Ataque dos Cães (2021) - Crítica
Por vezes, o protagonismo de Power of The Dog, no original, é irreconhecível pelo diluído tempo em tela de cada ator. Inclusive pela narração em off que abre o longa vindo de um suposto coadjuvante. O filme de Campion, entretanto, lida desde o início pela latente presença durante a ausência. Nos gestos e olhares. Na paisagem. Algo só percebido ao final de sua projeção, entretanto, é que todo o longa se passa pelos olhos de um personagem. O próprio ambiente servindo de materialização para seu inconsciente. E aí se define o protagonista. É o Phil, de Benedict Cumberbatch.
E por que a atribuição de um protagonista é tão importante aqui? Justamente pela onipresença dele pelo filme. Mesmo que não o vejamos. Todo o resto reage a ele, passiva e temerosamente. Na aridez inóspita da Montana pós-conquista do Oeste (ou Nova Zelândia), a habitação isolada dos Burbank, dois criadores de gado, já reflete o estado de mundo de ambos. A distribuição de força entre os dois já é expressa logo em sua primeira interação, assim como sua personalidade. Phil demonstra afetuosidade, mas intimidação a seu irmão mais novo, George (Jesse Plemons) que aceita condescendentemente a agressividade verbal lhe dirigida pelo irmão. A informação aqui é de familiaridade, mas não proximidade. Enquanto um se veste mais de acordo com o ambiente, esquálido e primitivo, o outro atravessa as planícies conduzindo o gado com um terno negro sob o sol. A ambiguidade clara é de civilização contra a selvageria. Mas implicitamente, a intenção de Campion, autora total do projeto como diretora e roteirista, é a de interpretação de papéis.
Isso para apresentar a temática principal da obra, que é a Desconstrução de Mitos. Phil não hesita em mencionar Bronco Henry a cada lembrança que lhe surja na cabeça, seja para comparar como ameaça ou recordar com saudosismo. No entanto, nunca vemos nenhuma foto do sujeito. Ele preenche o espaço através do que ensinou aos irmãos, mas principalmente por como marcou Phil. Suas palavras são de devoção, e seus atos, quando sozinho, também sugerem um sentimentalismo recatado e reprimido.
É a mesma dinâmica que busca criar com o Peter Gordon de Kodi Smit-McPhee, sempre explodindo em uma agressividade exterior, como um animal enclausurado. A psicologia ensina que a cólera externa um tumulto interno de inibição. Quando Phil busca, mesmo que de modo hostil, confabular inutilmente com seu soturno irmão, seu olhar sempre expressa a fragilidade da frustração na irmandade que se distancia. Mas ele nunca diz. George, casando-se, já deixa claro sua emancipação da apropriação de Phil. Os quartos separam-se e uma chave os bloqueia definitivamente. A recriação da relação que teve com Bronco é canalizada em Peter, uma nova busca por emotividade naquela rotina crua, ainda que o álibi seja justamente o de engrossar o afeminado Peter.

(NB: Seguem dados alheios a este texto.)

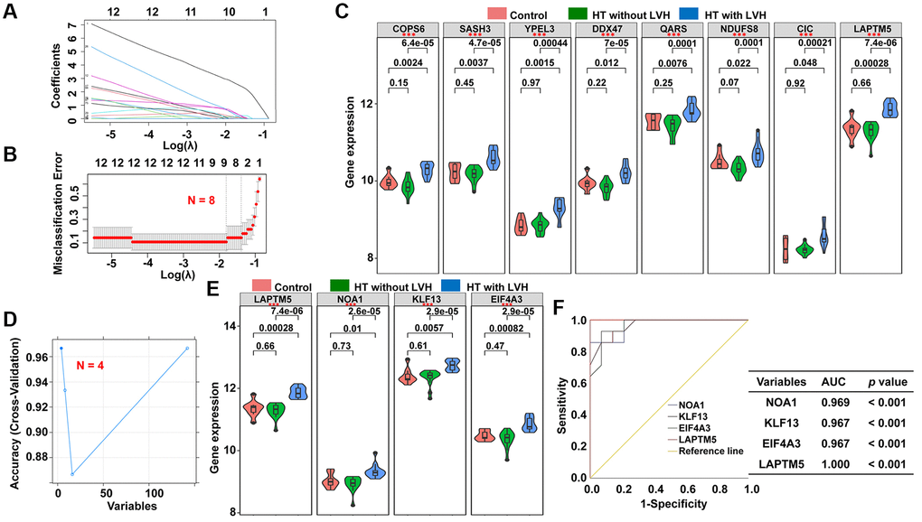 Least absolute shrinkage and selection operator (LASSO) regression was employed to construct a multi-molecule panel signature with 142 genes to discriminate HT without LVH from HT with LVH using ‘glmnet’ package of R software. To acquire more reliable and objective results, five-fold cross-validation was used to identify the optimal lambda value with the minimum misclassification error. Then, the risk score for each subject was obtained using the risk assessment model. Simultaneously, area under the receiver operating characteristic (ROC) curve was utilized to evaluate the diagnostic sensitivity and specificity of the subset genes and risk score, using SPSS25.0 (IBM Corp., Armonk, New York, USA).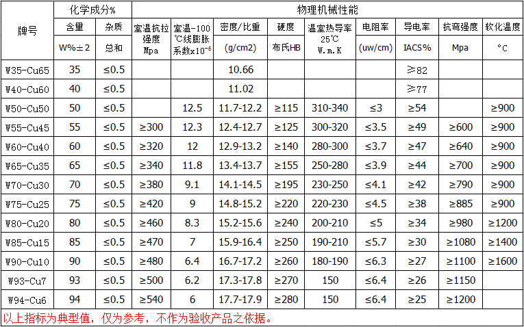 典型鎢銅合金牌號(hào)、性能: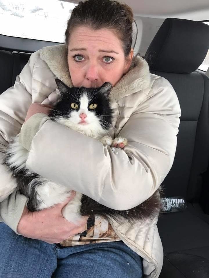 “Кошка словно окаменела, она дрожала и нуждалась в немедленной помощи. Сложно представить, как она оказалась совершенно одна у трассы в такую погоду”, – говорят ребята, которые ее нашли!
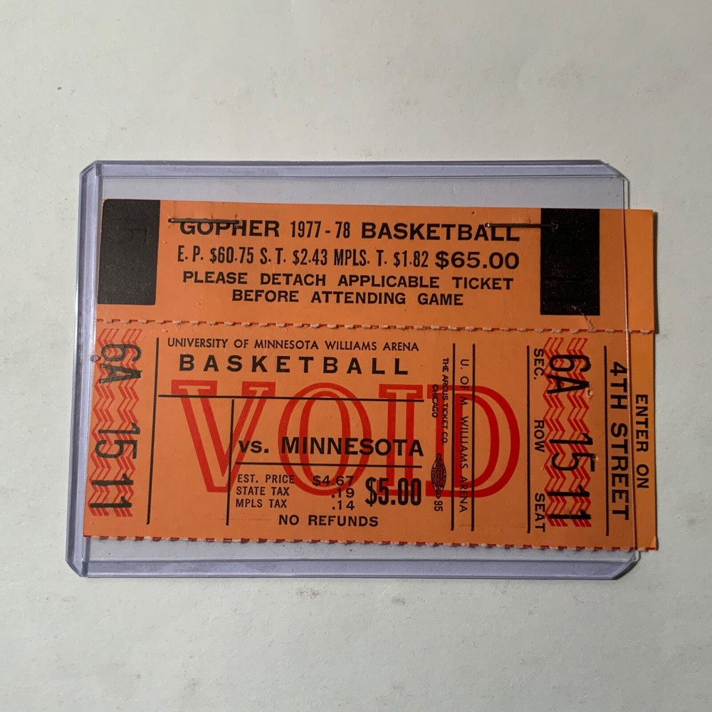 VG - EX. Nine ticket stubs + a season ticket holder booklet from the 1977-78 Minnesota Gophers basketball team that featured sophomore, and future NBA Hall of Famer, Kevin McHale (and Klay Thompson’s dad, Mychal Thompson): 1. 11/28/1977 - vs. Eastern Kentucky 2. 12/06/1977 - vs. #4 ranked Marquette (Butch Lee & Jerome Whitehead) 3. 12/19/1977 - vs. Nebraska 4. 01/14/1978 - vs. Ohio St. (Herb Williams) 5. 01/19/1978 - vs. Illinois (Eddie Johnson) 6. 02/02/1978 - vs. Iowa (Ronnie Lester) 7. 02/04/1978 - vs. Northwestern 8. 02/19/1978 - vs. #9 ranked Louisville (Darrell Griffith) 9. 03/02/1978 - vs. Michigan (Mike McGee) + booklet that once held full season tickets. + 8 X 10 of McHale showing defensive prowess.

Curiosamente, é justamente Peter que reconhece a forma do cão nas montanhas que circulam a fazenda, para surpresa de Phil. Isso é o que finalmente os iguala, e admira o personagem de Cumberbatch como jamais conseguiu fazer seu irmão, que se veste e fala com polidez, mas nunca conseguiu se nivelar intelectualmente com ele - um graduado em filologia clássica, como é posteriormente revelado. Por que alguém de natureza culta e potencial cognitivo se isolou naquele vale e vive como um bruto? Tudo está nas sutilezas de Campion, a cada quadro, assim como na trilha gutural e dolorosa de Jonny Greenwood, que exala perigo e desolação a cada acorde.
Nas interações entre Phil e Peter, Campion emula o erotismo masculino de Claire Denis em Beau Travail, com homens desnudos, suados e sujos dividindo o espaço de descanso ou então de banho no rio, enquanto é justamente Phil que procura a solidão para suas raras lavagens, na suave cena em que parece dançar com um pano que roça seu corpo. Isso aliado a uma câmera que sobrevoa a paisagem num tom Malickiano de melancolia e contrastes luzidios, enquanto desmistifica o herói do oeste como o clássico High Noon, reconhecendo, porém, seu papel primordial, ainda que fantasioso, para erigir o folclore idealizado ao redor da figura do cowboy grosso e eficiente como único modo de vida e progresso naquela circunstância. Como vítima, não algoz.
Phil é o cowboy do século passado exposto à óptica do XXI: um homem retraído dentro dos próprios desejos, os expelindo na forma de brutalidade e rancor. Num gênero revivido, a tendência é a autorreferência. E Campion encontra nisto a abordagem correta para o revisionismo na mitologia do faroeste.